The Defense Information Systems Agency (DISA) is issuing a Request for Information (RFI) to modernize the Department of Defense (DoD) Secure Access File Exchange (SAFE) system. This RFI seeks solutions to address current challenges such as performance limitations, security vulnerabilities, inadequate data loss prevention, and restricted integration, while enhancing scalability, strengthening security with multi-factor authentication, improving accessibility for non-DoD users, increasing file size capacity to 40GB, and empowering user control over data retention. The modernized solution will update the DoD's CAC-enabled secure file exchange platform, which currently supports 1.5 million users globally. Interested parties are requested to submit white papers by January 13, 2026, outlining their proposed solutions and including Rough Order of Magnitude (ROM) pricing.

DISA's Services Program Executive Office is seeking information to modernize the DoD Secure Access File Exchange (SAFE) system. The current system, accessible via NIPRNet, faces challenges with performance, security, data loss prevention, integration, and usability. The modernized solution aims to enhance scalability, strengthen security with multi-factor authentication and data loss prevention, improve accessibility for external users, increase file size capacity to 40GB, and empower user control over data retention. This Request for Information (RFI) is not a solicitation for proposals but an information-gathering effort. Interested parties are requested to submit a white paper by January 13, 2026, including business details, a Rough Order of Magnitude (ROM) pricing, and addressing the outlined technical requirements and challenges. Questions must be submitted by January 6, 2026.

The government's technical requirements for a secure file transfer system emphasize using an approved External Certification Authority (ECA) for SSL certificates to ensure trusted communication for DoD SAFE. Key requirements include robust system performance and scalability, supporting IPv4/IPv6 (with an IPv6-only goal), autoscaling, file sharing up to 40 GB, and handling 1.5 TB/hour traffic with 99.95% availability and an 8-hour Mean Time to Repair (MTTR). User access requires secure CAC/PKI authentication, tailored access for DoD and guest users, and availability on NIPR/commercial networks. Data security features mandate file type filtering, Zero Trust Data Loss Prevention (DLP) for CUI/PII/PHI, proactive threat protection, comprehensive logging, and compliance with NARA regulations. The system must support email notifications and maintain a secure Authority to Operate (ATO).

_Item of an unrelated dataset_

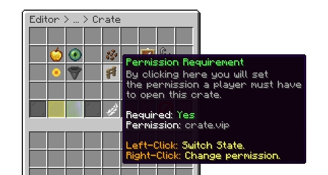 With this option, you can assign a permission that restricts crate access to users who have the specified permission.
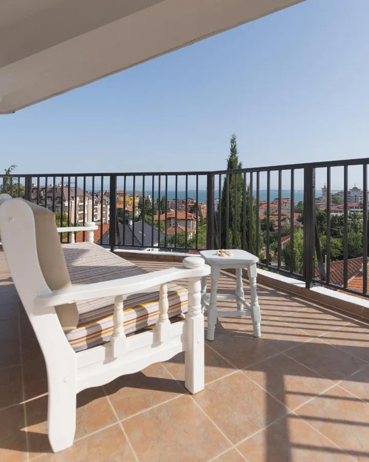Bucătărie: Mașină de cafea Frigider Cană fierbător Vedere: Vedere la mare Vedere la piscină Accesibilitate: Etaje superioare accesibile doar pe scări Media/Tehnologie: TV cu ecran plat TV Telefon Canale prin cablu Zonă de living: Canapea Zonă de relaxare Exterior: Mobilier de grădină Balcon Facilităţile camerei: uscător de rufe Priză lângă pat Canapea extensibilă Baie: Prosoape Articole de toaletă gratuite Uscător de păr Toaletă Duş Hârtie igienică Baie privată General : Facilităţi de călcat Hipoalergică Pardoseală de gresie/marmură Plasă de ţânţari Aer condiţionat Mâncăruri și băuturi: Aparat pentru prepararea de ceai/cafea Dormitor: Lenjerie de pat Garderobă sau dulap Distanțare fizică: Aer condiționat individual pentru fiecare cameră de la proprietate

The document outlines the technical characteristics and requirements for a government platform, likely a file sharing or data exchange system, focusing on secure and scalable operations. Key aspects include the mandatory use of an External Certification Authority (ECA) for SSL certificates, robust system performance supporting IPv4/IPv6, scalability for high traffic volumes (800 GB/hour threshold, 1.5 TB/hour objective), and high availability (98.5% threshold, 99.95% objective). User access is secured via CAC/PKI authentication, with tailored access for DoD and guest users through NIPR/commercial networks. Data security features include file type filtering, Zero Trust Data Loss Prevention (DLP) for CUI/PII/PHI, comprehensive logging, malware protection, and compliance with NARA regulations. The document also poses questions for potential vendors regarding architecture for performance, large file transfers, malware scanning, guest account sponsorship, Zero Trust alignment, and tiered access for non-DoD partners.